Start at the line that contains "We add a midi" in the listing below and extract every line through the last, exactly; leave pictures out.

→ **Dataset extract**
=-=-=-=-=

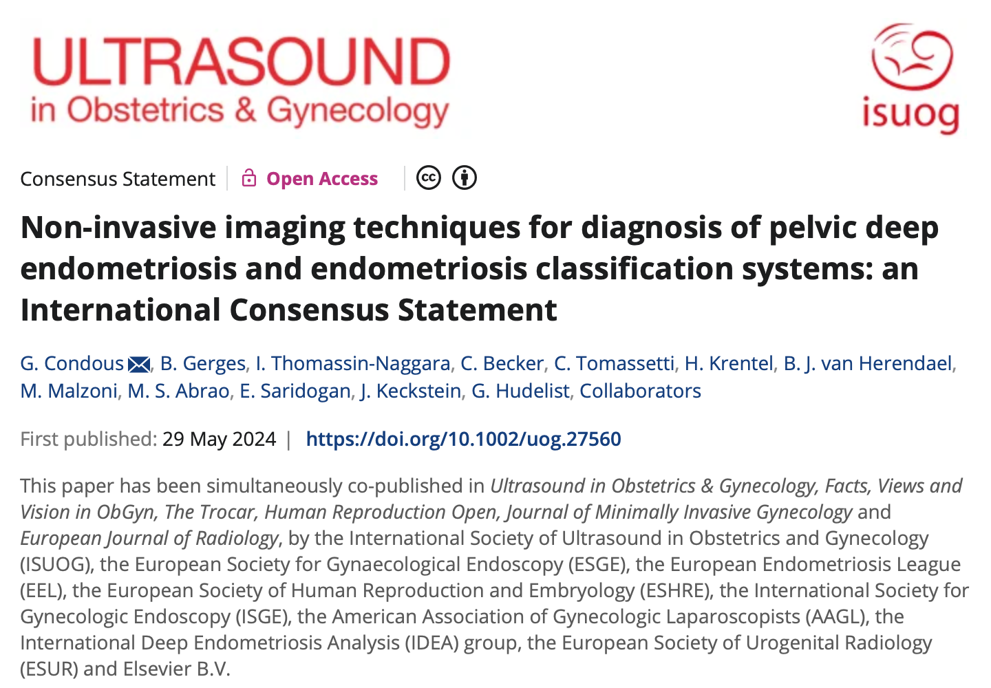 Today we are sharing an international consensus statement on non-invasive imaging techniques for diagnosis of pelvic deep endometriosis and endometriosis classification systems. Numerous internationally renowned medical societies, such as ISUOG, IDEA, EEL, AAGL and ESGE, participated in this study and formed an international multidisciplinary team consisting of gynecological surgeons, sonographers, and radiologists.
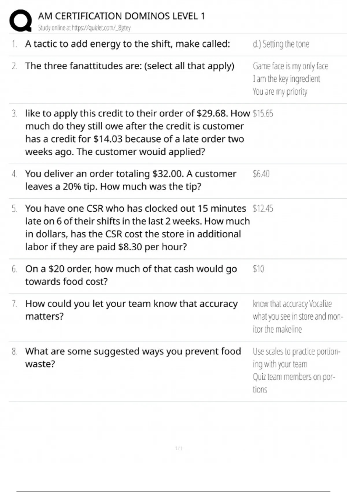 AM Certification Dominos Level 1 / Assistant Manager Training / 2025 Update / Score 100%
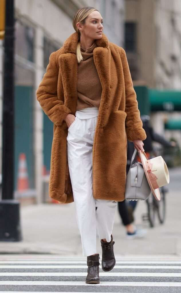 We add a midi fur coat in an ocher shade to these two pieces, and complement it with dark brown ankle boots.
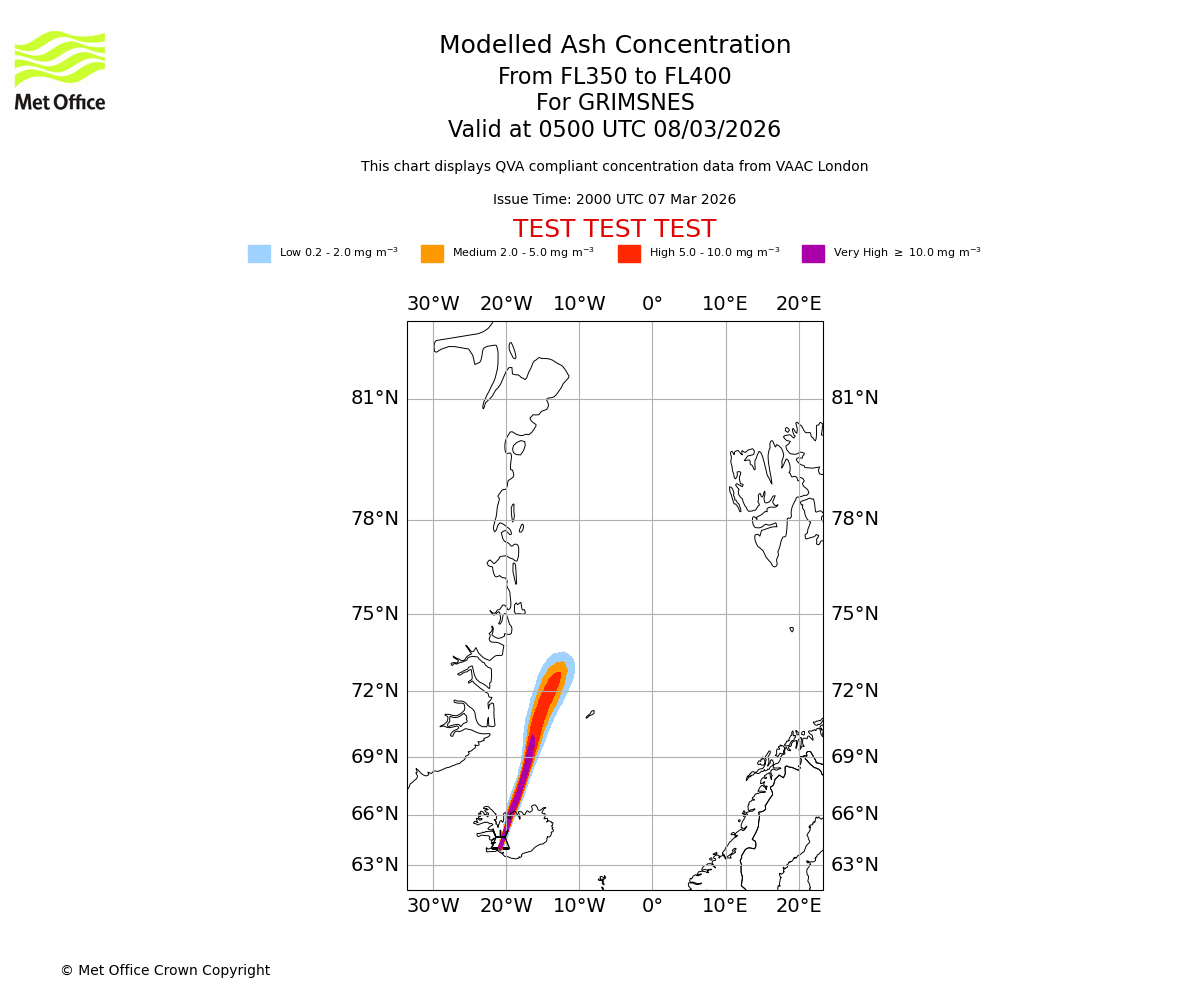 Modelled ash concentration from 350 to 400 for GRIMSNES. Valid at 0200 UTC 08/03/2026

=-=-=-=-=

→ **Solved exercise**
 We add a midi fur coat in an ocher shade to these two pieces, and complement it with dark brown ankle boots.
 Modelled ash concentration from 350 to 400 for GRIMSNES. Valid at 0200 UTC 08/03/2026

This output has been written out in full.